LE CURE SOCIO-SANITARIE PER GLI ANZIANI MALATI NON AUTOSUFFICIENTI E LE PERSONE CON DEMENZA SENILE

E’ chiarissimo l’obiettivo del convegno in corso il 27 giugno nella sala Dogliotti dell’Ospedale Molinette di Torino: garantire la tutela della salute degli anziani malati cronici non autosufficienti e/o con demenza senile, prioritariamente al loro domicilio, con piena assunzione di responsabilità della loro cura da parte del Servizio Sanitario Nazionale (SSN) e Regionale, in ogni luogo di cura, sia in struttura che a domicilio.

I promotori di questa finalità puntano a dimostrare che con una migliore organizzazione dei percorsi di cura e delle dimissioni dalle strutture sanitarie, è possibile ottimizzare le risorse del SSN con un utilizzo più appropriato dei posti letto e nel contempo, assicurare le prestazioni dei LEA (Livelli Essenziali di Assistenza) alle quali hanno diritto gli anziani malati cronici non autosufficienti: cure domiciliari in lunga assistenza, centri diurni, ricoveri in RSA (Residenze Sanitarie Assistenziali).

Già dalle prime relazioni dei diversi Dirigenti medici geriatri si nota una identità di vedute sul tema e una concordanza sulle problematiche.

Il primo problema , a livello nazionale è un insieme di fattori ormai arcinoti e conosciuti: il rapido invecchiamento della popolazione italiana negli ultimi 25 anni, una longevità in continua crescita, una mancata correlazione tra aumento della durata della vita e le facoltà psicofisiche di ogni soggetto.

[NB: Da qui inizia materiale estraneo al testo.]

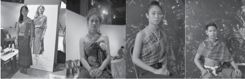
ภาพประกอบ 1 : ลักษณะการแต่งกายในชุดการแสดง ที่สื่อถึงความเป็นอัตลักษณ์อีสาน ที่มา : รณภพ เตชะวงศ์, 2558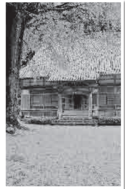
最優秀賞作品 「黄色いジュウタン」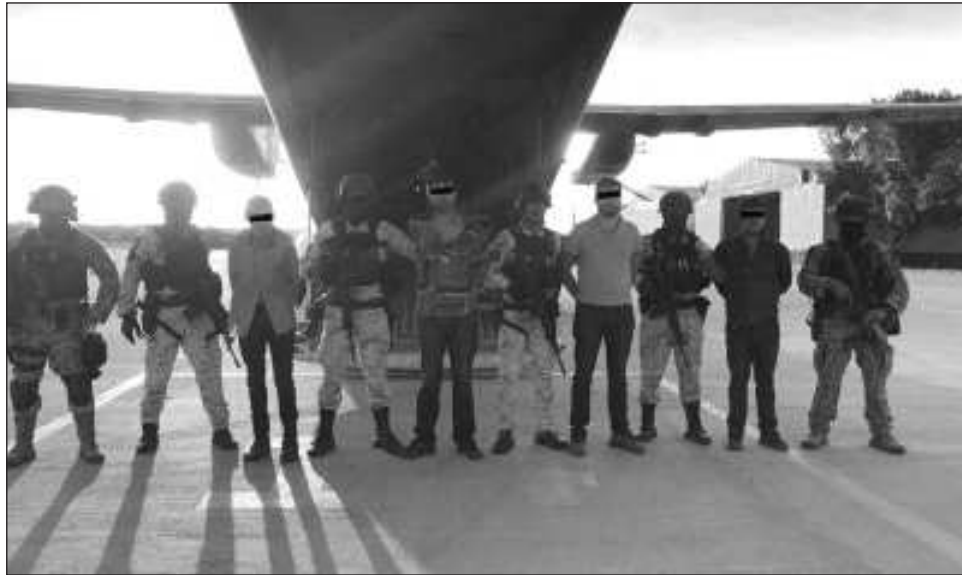
▲ Los datos proporcionados por la Sedena señalan que El R-8 era el encargado de la coordinación de la seguridad y la adquisición del equipo táctico y armamento del hermano de El Chapo .

Luis N es identificado por las autoridades federales como integrante del primer círculo de seguridad de Aureliano Guzmán Loera, líder del grupo conocido como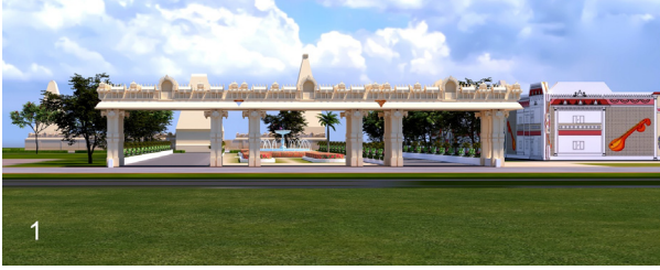
మొదటి పేజీ తరువాయి...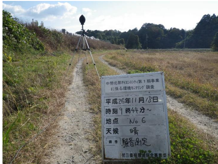
写真 4-2-25 騒音測定(平成 26 年 11 月 18 日) No.6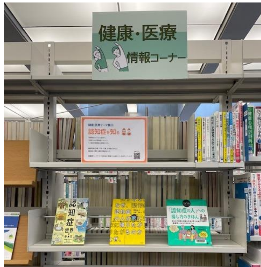
「健康めぐろ21」の展示コーナー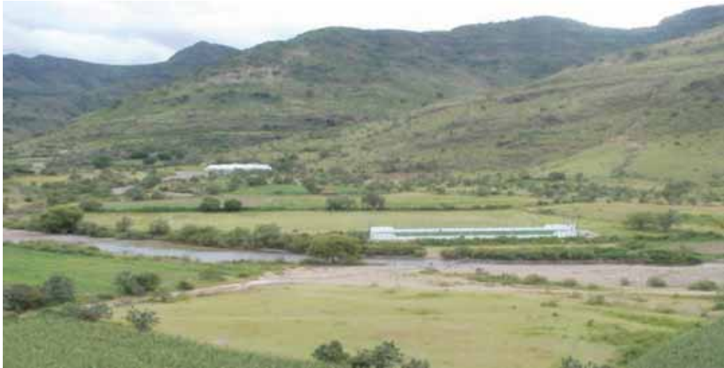
Área donde se practica deporte y cancha de fútbol rápido.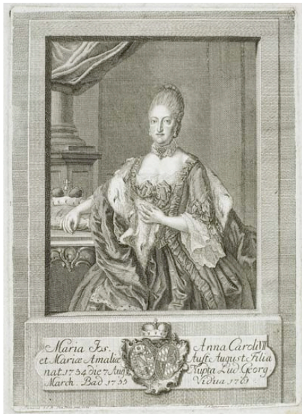
Abb. 2. Markgräfin Maria Anna Josepha (1734–1776), Kupferstich 1773

Vesper erklingen. An Gründonnerstag und Karfreitag waren die Musiker außerdem verpflichtet, »Bey Besuchung derer Heyl. Gräber eine Vocal Music« aufzuführen.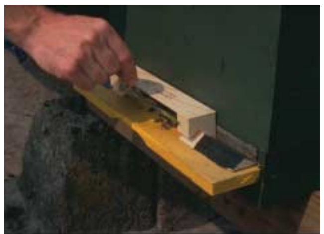
Breng tijdens de bijenvlucht iedere twee uur stuifmeel aan in de BeeBoosters.

Bij appel komt bacterievuur nauwelijks voor. Als er aantasting bij appel optreedt gaat dit voornamelijk via scheutinfectie. Daarbij spelen de bijen geen rol.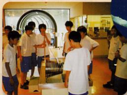
ボールコースター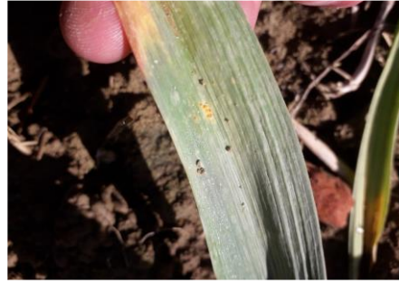
Rouille, premières pustules sur ail violet -CA31

Mesures prophylactiques : Privilégier les parcelles bien exposées et séchant vite. Eviter les zones de bas-fonds. Ne pas planter trop précocement. Raisonner la fertilisation et bien positionner les irrigations. D'une manière générale, favoriser un bon développement végétatif de la culture pour limiter l'impact sur le feuillage... Référez-vous aux fiches 1, 3, 4 et 5 du Guide de la production d'ail en Occitanie .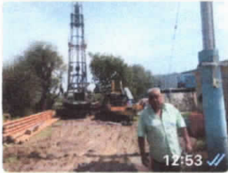
Visitando las obras de perforación de reposición del pozo de agua potable del pueblo

5.- A PARTIR DEL DIA DE 18 DE OCTUBRE 2021 SUPERVISIÓN DE LA OBRA PARA SUSTITUCIÓN DEL POZO DE AGUA POTABLE "LA VEGA" LOCALIZADO EN SAN JUAN SOLIS HGO, CON VISITAS SEMANALES DESDE EL INICIO DE LA OBRA HASTA QUE SE TERMINO LA PERFORACIÓN Y TODO PARA EL ENTALLAMIENTO, DEJANDO LISTO PARA LA CONECCIÓN DE LA BOMBA DE SUCCIÓN NECESARIA. CON AFORO HIDRÁULICO DE 38 LITROS X MIN. HASTA LA CULMINACIÓN DE ESTA ETAPA. LUNES 6 DE DICIEMBRE 2021.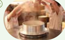
【かまど】かまどめしの日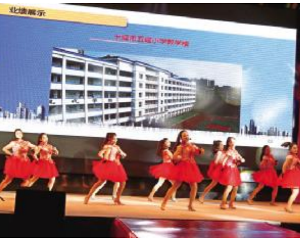
快板舞——《我骄傲,我是蓝天人》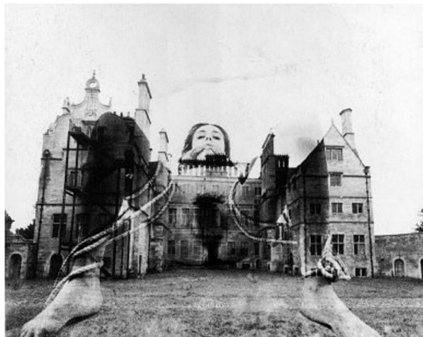
Penny Slinger, The Abysmal o A Difficult Position (An Exorcism) , 1975, foto collage sobre cartulina.

Además, Penny Slinger afirma estar interesada en cruzar las fronteras y límites establecidos por la sociedad o la cultura. Se trata de cruzar umbrales, y no estancarse en la realidad mundana, como defiende la tradición surrealista.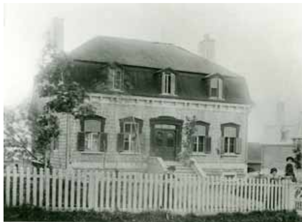
La maison Joseph-Édouard-Bédard vers 1885.

La maison Joseph-Édouard-Bédard est construite en 1877, d'après les plans de l'architecte Georges-Émile Tanguay. La vaste résidence demeure dans le patrimoine familial jusqu'en 1960.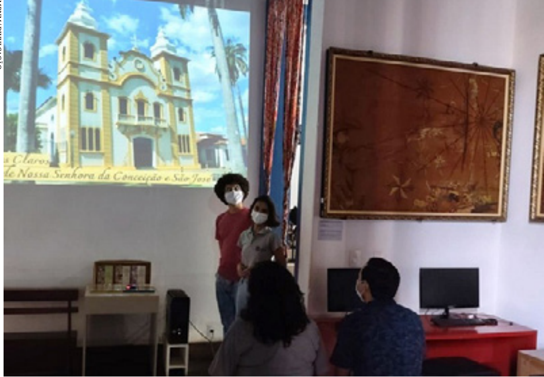
Mostra de imagens sobre igrejas do Norte de Minas acontece no Salão de Projeções do Museu, e entre os destaques a Matriz de Montes Claros, onde a cidade começou

Durante a pandemia, as atrações virtuais mantiveram a interação cultural e histórica com o público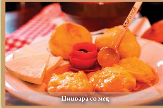
Цицвара со мед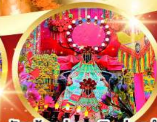
วัดเจ้าแม่กวนอิมฮองอ่า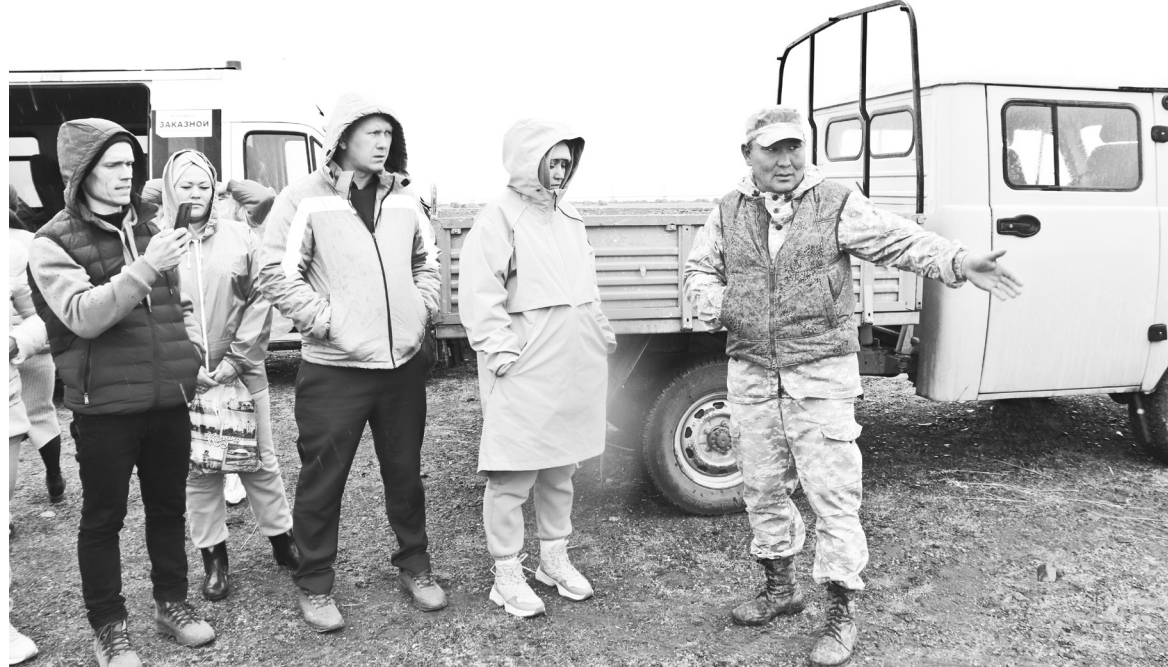
Демонстрация поля делегации из Республики Татарстан, осень 2022 года

В прошлом году наши хозяйства заготовили 2880 центнеров многолетних трав и 71 190 центнеров естественного сена, что в целом составило порядка 95 000 центнеров. «В этом году зима нас порадовала устойчивым снежным покровом, влажность почвы хорошая, однако низкие весенние показатели температуры, влияющие на

Il secondo problema è dato dal mancato ancoraggio del sistema sanitario italiano alle problematiche poste dal primo problema: un vero tsunami che ha travolto le strutture e che ha portato il Piemonte ad avere oggi oltre 30.000 persone in liste di attesa da anni.

Il terzo problema riguarda il cambiamento di mentalità, il diverso approccio verso il malato cronico, dove la sua non autosufficienza non è la causa ma una derivazione della sua malattia il che richiede cambiamenti totali in tutti i settori, dalle strutture alle situazioni di rischio, dalla gestione alla formazione.

Il nuovo “credo” è curare il malato, non la malattia, mentre fino a ieri si tendeva a curare in modo intensivo , in struttura e per un breve periodo la malattia per poi abbandonare il soggetto, salvo successivi richiami: una pratica che si è dimostrata deleteria e peggiorativa per la qualità della salute del malato.

Un aiuto a migliorare la situazione lo creerà sicuramente un migliore e più sistematico approccio alle moderne tecnologie, in particolare nel settore delle cure a distanza. Non possiamo più tollerare la vista di decine di malati in barella nei corridoi degli ospedali, anche perché questo non è tanto un problema di creare nuovi posti letto, ma di attivazione della rete territoriale per gestire a casa loro questi pazienti: dal ricovero ospedaliero alle strutture di lunga degenza, alle reti di continuità assistenziali.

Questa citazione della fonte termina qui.